Boston Forced to Bear New Curse As Red Sox Collapse Temporarily Displaces Reputation for Winning

by abournenesn

Oct 2, 2011

Boston Forced to Bear New Curse As Red Sox Collapse Temporarily Displaces Reputation for Winning Somewhere in a cramped apartment in Manhattan (because everything is cramped in Manhattan), someone watching Curb Your Enthusiasm decided the show's creator, Larry David, somehow had something to do with the 2011 Boston Red Sox.

This really happened.

One day at a typewriter, a sports writer for The Boston Globe sat down and first typed the words "Curse of the Bambino," connecting what would be 86 years without a World Series title to the Red Sox selling the greatest player in baseball history in 1919.

This really happened, too.

The latter grew into a phenomenon, and as ridiculous as any sane person finds the first example, the fact that it appeared on the website of The New York Times promises that it will have at least some staying power.

It was all going so well for so long, wasn't it? There was the Super Bowl victory for the Patriots in 2002, then two more. There was a long-awaited World Series title for the Red Sox, followed by another. There was a 17th banner for the Celtics and a Stanley Cup for the Bruins. Then the Red Sox lost a nine-game lead in less than a month and it's 1986 all over again. It's incredible how quickly we revert back into gloom-and-doom mode.

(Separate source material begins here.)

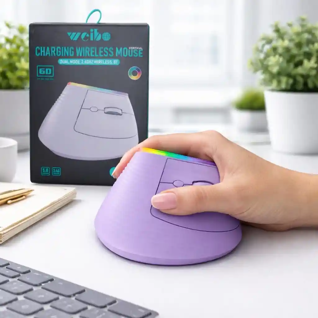 Disfruta de una experiencia de uso cómoda y moderna con el Mouse Vertical 2 en 1 Bluetooth en un elegante color lila. Su diseño ergonómico está pensado para reducir la tensión en la muñeca, permitiéndote trabajar o jugar durante largas horas sin incomodidad. Con luz RGB ajustable, agrega un toque vibrante a tu espacio. Este mouse es recargable, lo que lo hace práctico y ecológico. Con tecnología Bluetooth, te conecta de manera eficiente a tus dispositivos sin cables, y funciona tanto con la modalidad inalámbrica como con la opción de 2.4GHz. Nota importante: Este paquete incluye solo un mouse.Demas accesorios son para ambientar la fotografía. Ideal para quienes buscan mejorar su rendimiento y estilo al mismo tiempo. Color: Lila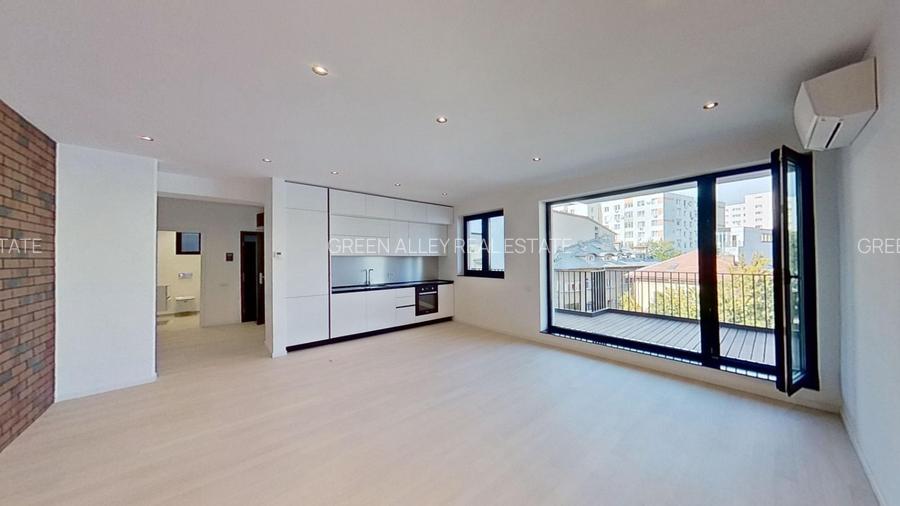 Green Alley Real Estate iti prezinta pentru cumparare acest apartament cu 2 camere, situat la ultimul etaj intr-un imobil de tip boutique, cu doar trei niveluri, care face parte din complexul rezidential Grand AV 133, construit in 2022, la cele mai inalte standarde, in zona Polona - Stefan cel Mare, cu deschidere imediata in Dorobanti, Piata Victoriei si Piata Romana, dar si spre zona veche a Bucurestiului, cu cladiri interbelice, cu arhitectura remarcabila, parcurile Icoanei si Ioanid, restaurante si terase boeme.

To the south and west, though, the time to respect Boston's pain has passed. Outside New England, it's open season to joke about the Red Sox' collapse.

In less than a month, Boston went from model sports city to punchline.

There was no way, for instance, for Texas A&M's two second-half collapses in back-to-back weeks to go by without a mention of the Sox. The Aggies, who handed away a 17-point halftime lead to Oklahoma State last week and an 18-point halftime lead to Arkansas on Saturday, "have become football's version of the Boston Red Sox and the Atlanta Braves," wrote Steve Megargee of Rivals. Ouch.

Most of us can predict what's coming next. The only way for a laughingstock to deflect humor is to bring attention to its own pain, and there's no better way to publicize something painful than to give it a name.

This is how curses are born, folks.

When the Red Sox didn't win a World Series for 86 years, it was supposedly because of Babe Ruth. When the White Sox failed to win a title for 88 years, many blamed the 1919 Black Sox. With the Cubs working on their 104th year without a championship, Steve Bartman and the Billy Goat became useful, um, goats.

It's historically taken time for such curses to develop — the Curse of the Bambino didn't get a name until the 1980s — but as with everything in the 21st century, things move faster now. The Red Sox' tumble from first place in the division to out of the playoffs entirely already has two proposed explanations: "The Curse of (Robert) Andino" and "The Larry David Curse."

A lot of fans scoff at curses, but curses are very, very real. Not in the way one might think, but they're definitely real.

The 2011 Red Sox were indeed cursed with poorly timed slumps, an unreliable bullpen, devastating injuries to their starting pitching staff and a general clubhouse-wide malaise. Yet it's doubtful that during the collapse, the Red Sox players gave any thought to an Orioles utility player who entered the season with 440 plate appearances. It's even more doubtful any of the players even know who David or the Times' Nate Silver is.

In a city such as Boston, with all its history of sports heartbreak, the teams have just one curse: That any time something bad happens, they'll be saddled with some sort of made-up curse. There's no losing unless ghosts or gods or HBO shows somehow played a role.

Save the curses for pithy remarks made by out-of-town sports columnists. Real Boston fans don't need a curse to carry around like an albatross. Losing in unprecedented fashion is painful enough.